Insofern ist es also leicht, bei der Studie viele im Anschluss an sie aufgeworfene Fragen aufzuzählen. Jedoch ist dies eben kein Manko, sondern es war vielmehr Sinn der Studie. Die politisch-ideologisch Kritik, welche der Studie auch zuteilwurde, möchten wir hier nicht weiter kommentieren, weil sie so vorhersehbar wie ahistorisch ist.
Zwei weitere Vorwürfe, welche teils von Historikern und teils von Betroffenen vorgebracht wurden, verdienen jedoch unsere Beachtung. Der Vorwurf, die Studie liefere kaum neue Erkenntnisse, verblüfft angesichts der Tatsache, dass die Parteien, der Hessische Landtag und auch die Wissenschaft bisher weder die sehr zahlreichen NSDAP, SS- oder SA-Mitgliedschaften ehemaliger Abgeordnete ausweisen, noch der Bedeutung zahlreicher, teils prominenter und zeitlich in diversen Fraktionen und Ämtern gehäufter NS-Vergangenheiten jemals nachgegangen sind.
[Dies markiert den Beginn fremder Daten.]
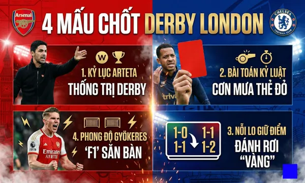 Sự thống trị đó thậm chí còn rõ nét hơn trong những mùa giải gần đây. Arsenal chỉ để thua duy nhất 1 trong 25 trận derby London gần nhất tại Ngoại hạng Anh (thắng 18, hòa 6). Kể từ chiến dịch 2022-2023, Pháo thủ cũng đã ghi bàn trong 42/44 trận derby.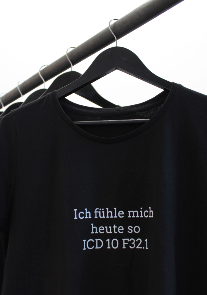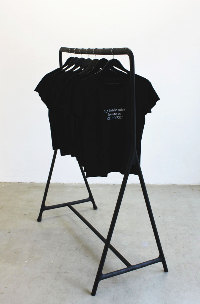 Die Arbeit besteht aus sieben schwarzen T-Shirts, die den Slogan „Ich fühle mich heute so ICD 10 F32.1“ tragen, den Schlüssel für eine „Mittelgradige depressive Episode“ des Klassifizierungssystems von Krankheiten, das die World Health Organization 1948 mit der ersten Version ICD 1 (International List of Causes of Death) ins Leben rief, und das mittlerweile in seiner zehnten Variante in über hundert Ländern, darunter Deutschland, als Standarddiagnoseverfahren im Gesundheitssystem seine Anwendung findet.
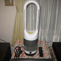 1回試しに動かしただけの新品の羽根の無い扇風機で送風ろ温風の2種類の機能が付いています。送風は8段階で温風は3段階です。首振り機能とリモコンで作動できタイマー機能付きです。大きさは高さ55センチ幅15センチでコンパクトですので机の上でも良いと思います。取りに来てくれる方お願い致します。

Dieser Nichts-Neues-Vorwurf steht zudem im Widerspruch zu einem weiteren Vorwurf, die Ergebnisse stimmten nicht bzw. sie seien aufgebauscht. Denn im Gegenteil vermeidet die Studie geschichtspolitische (Vor-)Verurteilungen. Sie entlastet z. B. spätere politisch herausragende Persönlichkeiten wie Karl-Heinz Koch und Rudi Arndt sogar ausdrücklich, indem sie politische Verirrung, gesellschaftlichen Druck, jugendliches Alter, jahrelange Indoktrination und auch Opportunismus als NSDAP-Beitrittsgründe benennt, welche (Um)Wege in die demokratische Gesellschaft zulassen.

Daneben bieten allein die Unterlagen des Berlin Dokument Center ausreichend Hinweise, dass eine ehrliche und offene Aufarbeitung dessen bislang unterblieb, zumal bei ca. einem guten Dutzend ehemaliger Abgeordneter eine weitergehende,  weil sehr frühe NSDAP oder aktive SA-, SS-Mitgliedschaft oder Bekleidung ranghoher staatlicher NS-Positionen vorliegt.

Wie bereits ausgeführt, kann dies nur ein Ausgangspunkt für Aufarbeitung sein, welche durch weiteres Material in den Entnazifizierungsakten, in Personalakten, Wehrmachtsunterlagen usw. zu vertiefen ist. Zur Beurteilung der politischen Persönlichkeit und ihres Wirkens sind schließlich die gesamte Biographie und das weitere politische Umfeld zu betrachten. Dies kann nur mit einem umfassenden Forschungsprojekt gelingen. Wenn die Studie dazu anregt, dass es nach über 60 Jahren endlich zu einer ehrlichen Betrachtung der Übergänge vom faschistischen dritten Reich zur Bundesrepublik kommt und diese Betrachtung Eingang in das heutige demokratische Selbstverständnis der Parteien, Institutionen und Bevölkerung findet, dann hat sie ihr Ziel erreicht.

Die Studie findet sich im Internetportal der Partei Die LINKE.